В хату зашел пожилой солдат в куцей шинели, подпоясанной брезентовым ремнем, и кирзовых сапогах. Стоя на пороге, он снял пилотку с бритой головы, не по-военному, поклонившись, сказал:

— Пани Ядвига, дозвольте трохи отдохнуть. Дорога дальняя.

Ядвига скользнула равнодушным взглядом по лицу солдата и вдруг, всплеснув руками, бросилась к нему:

— Татусю… О матка боска… яки млады…

Отец гладил дочку по голове, по плечам и обводил глазами хату. Оглядывал медленно — стены, углы, начиная от того, слева от двери — там были свалены хомут, шлеи, всякая конская упряжь, — печь, стены, где висели фотографии в рамках и картинки, вырезанные из журналов, окна, залепленные облаками и серым туманцем, сквозь которой виднелась черная с белыми островками снега земля. Островки эти — даже не белые, а серые — плыли в тумане. И земля пыталась скрыться в дымке, словно моля о покое, одном только покое, который нужен ей, истерзанной, окровавленной, чтобы напиться влагой вместо крови, принять весеннюю влагу в самое свое чрево, а потом родить хлеб для людей, которые будут же на свете.
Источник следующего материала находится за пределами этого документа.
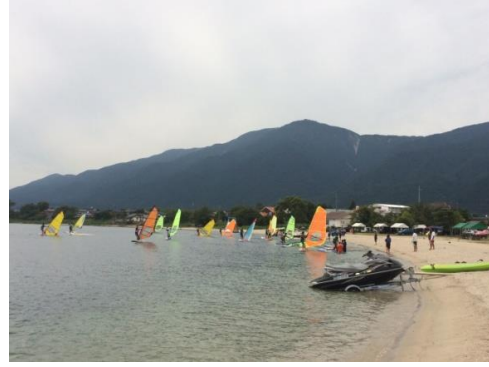
(圖 29)參觀水邊實習及器材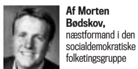
Af Morten Bødskov, næstformand i den socialdemokratiske folketingsgruppe

DA JEG læste Lene Espersens og Claus Hjort Frederiksen's udfald mod Helle Thorning-Schmidt, kom jeg til at tænke på det gode gamle ordsprog om ikke at kaste med sten, når man selv bor i et glashus. Men det bekymrer ikke regeringens desperate duo – skønheden og uhyret – som fortsætter med at kaste med sten efter socialdemokraternes formand.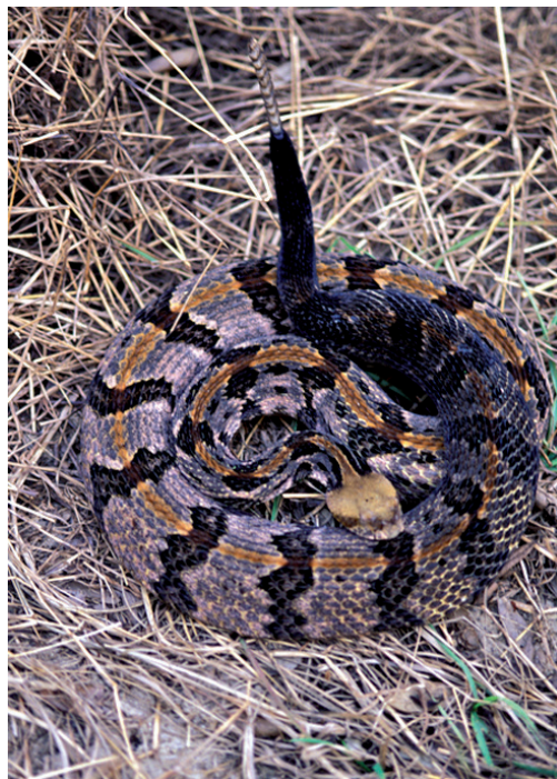
Crotalus horridus .

Het is ondoenlijk om elk hoofdstuk te bespreken. Een recensent van een boek als dit kan nooit of te nimmer de schrijver in zijn bespreking genoegdoening geven voor diens prestatie. Ik wil dan ook slechts één hoofdstuk vanuit een persoonlijke motivatie wat uitgebreider bespreken. Het betreft het relaas in hoofdstuk 21. Means is in de geschiedenis van de ratelslangenjacht gedoken en beschrijft op een bewonderenswaardig neutrale manier hoe in de zuid-oostelijke staten van de V.S. de diamantratslangen bejaagd zijn om hun hoofdrol te spelen in rodeospelletjes, die eindigen met hun dood. Hij heeft helder gekregen, dat 1958 het jaar is geweest, dat als startjaar voor een hele reeks Rattlesnake Hunts kan aangemerkt worden. Om dat boven water te krijgen, heeft Means zich in de archieven van lokale dagbladen begeven, nadat gebleken was dat organisatoren van dergelijke roundups niet erg bereidwillig waren om hem informatie te verschaffen. Hij ontdekte dat het de 'uitvinding' is geweest van het blazen van benzinedampen in schildpadburchten, waarin zich ook ratelslangen ophouden, die de katalysator is geweest voor een snel populair worden van deze spannende activiteit tijdens de winter. Bovendien hadden de roundups toentertijd een warm pleitbezorger in de persoon van ene dr. R.E. Howell, die in de buitengewone omstandigheid verkeerde dat hij een radioprogramma had waarin hij reclame kon maken voor de ratelslangenjacht. Op enige moment is hij zelfs in de wijde om-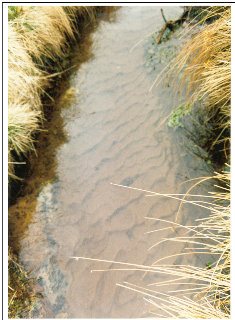
Figur 4. Viser en vandløbsbund bestående af ustabil sand, som er et meget dårligt levested for fisk og smådyr.

For at sikre ørredernes gydepladser samt mange af smådyrenes levesteder i vandløbene, er det af stor vigtighed at hindre sandvandringen i vandløbene. Derfor bør erosionen i og langs vandløbet stoppes/nedbringes. En måde at bidrage til en nedsat sandmængde i vandløbene er at sikre, at vade- /vandingstederne er hensigtsmæssigt etableret.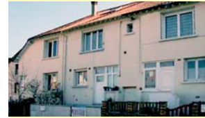
Leur HLM rue du 22 août 1944

allemande) : « Paulette » a pour mission d'y faire sauter les bombardiers au sol.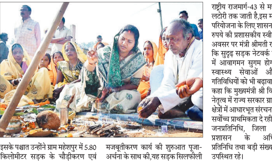
इसके पश्चात उन्होंने ग्राम महेशपुर में 5.80 किलोमीटर सड़क के चौड़ीकरण एवं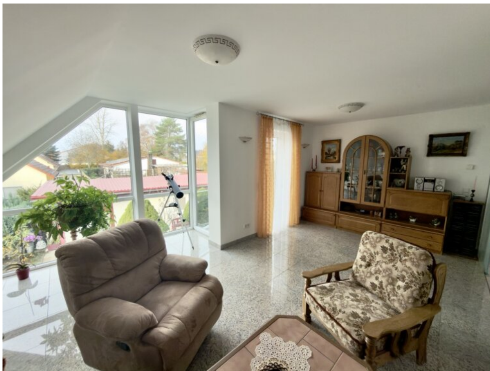
Wohnen mit Fensterfronten OG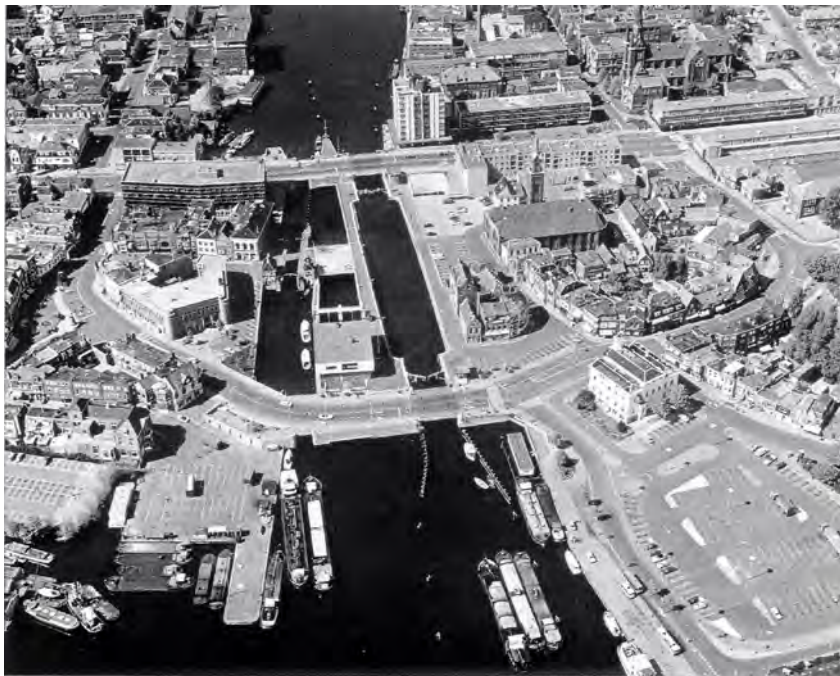
10 Het sluiscomplex omstreeks 1975.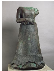
تصویر ۳، پیکره شهبانو ناپیراسو، همسر اونتاشگال پادشاه ایلامی در هنر تمدن ایلام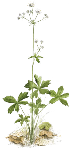
Sårkläka Sanicula europaea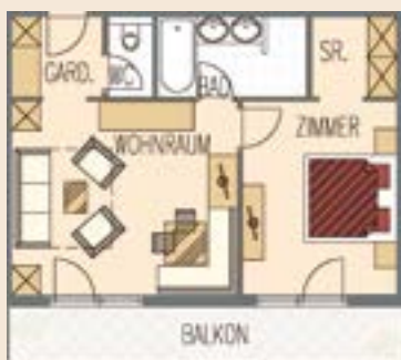
BERGKRISTALL, SMARAGD ROSENQUARZ, GRANAT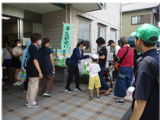
▲ゴール後の抽選会の様子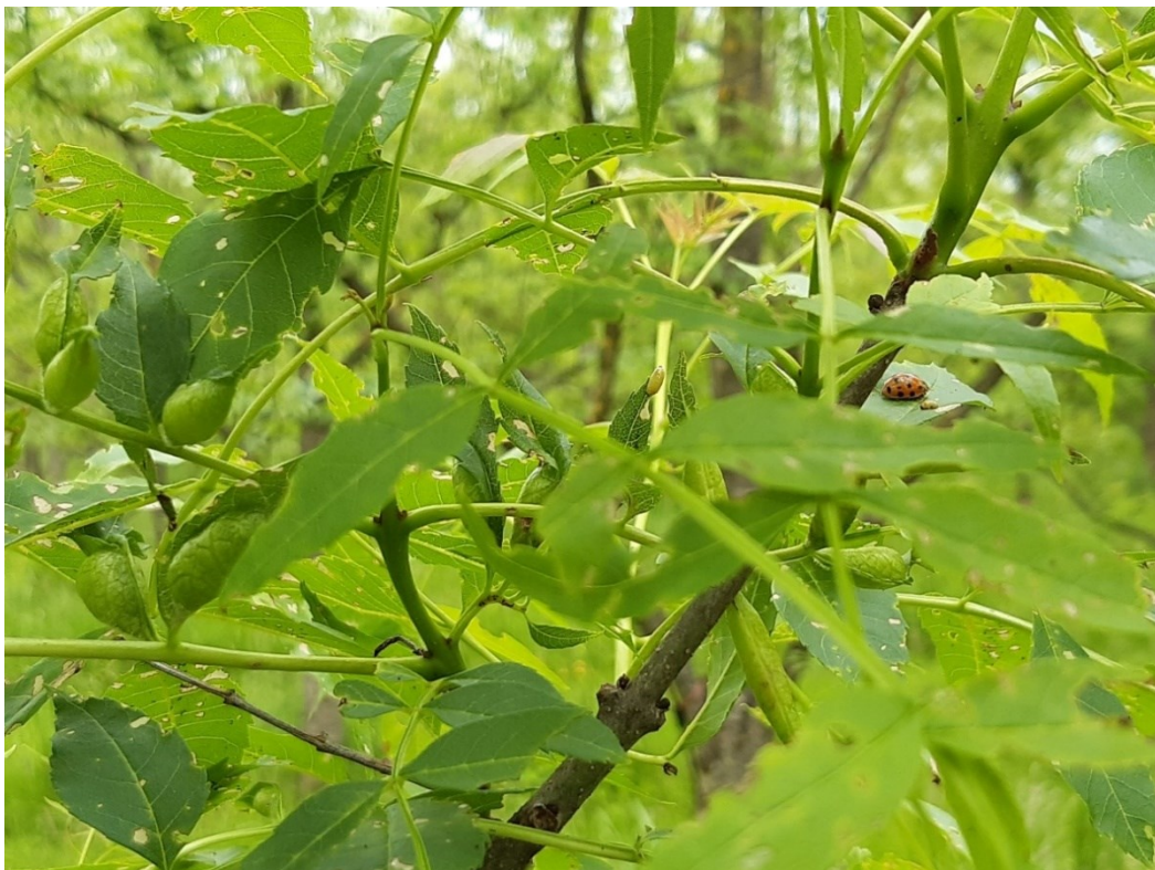
Slika 25. Ličinke pipe i šiške jasenove lisne muhe šižkarice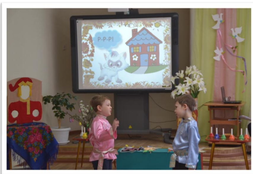
Небылица «Злая кошка громко лает...»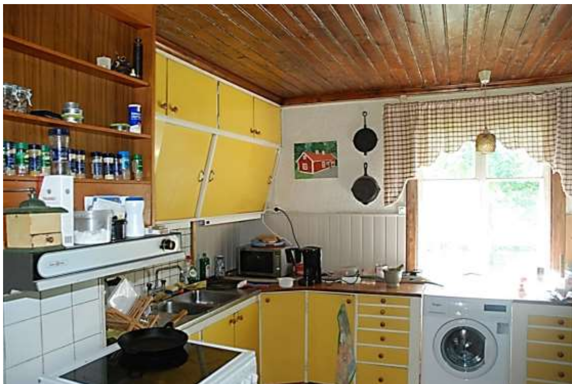
Köket bär spår av moderniseringar vid skilda tillfällen.

Huset var från början disponerat som parstuga, fast den ursprungliga planindelningen har modifierats vid senare ombyggnader. Interiörerna bär avtryck från renoveringar gjorda under senare delen av 1920-talet, på 1950-talet och 1980-85.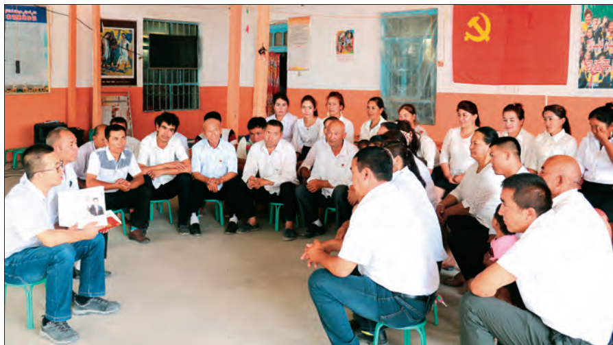
疏勒县阿拉力乡海尼且村党支部实施“红色细胞”工程，在村民小组开展主题党日活动。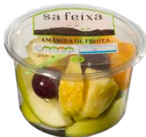
Ensalada de frutas Melón, manzana, naranja y uva Vaso transparente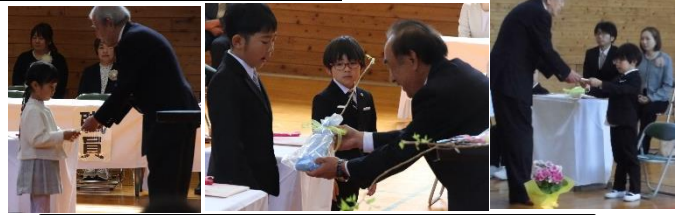
PTA・社教・ライオンズクラブより入学記念品授与

Он гладил дочку по голове и, переводя взгляд с предмета на предмет, говорил однотонно, не повышая и не понижая голоса, строго, как бы читая завещание:

— Шлеи попросишь пана Казимежа, чтобы починил, в ножки ему поклонись. Пан Казимеж сухорукий, его в солдаты не возьмут. Пан Казимеж скажет: зачем это? Коняку забрали, и тату забрали. А ты скажи: коняка, даст бог и матка боска, к весне вернется, и татусь тэж. И сала дай ему от того боровка, что зимой резали. Пан Казимеж сало уважает.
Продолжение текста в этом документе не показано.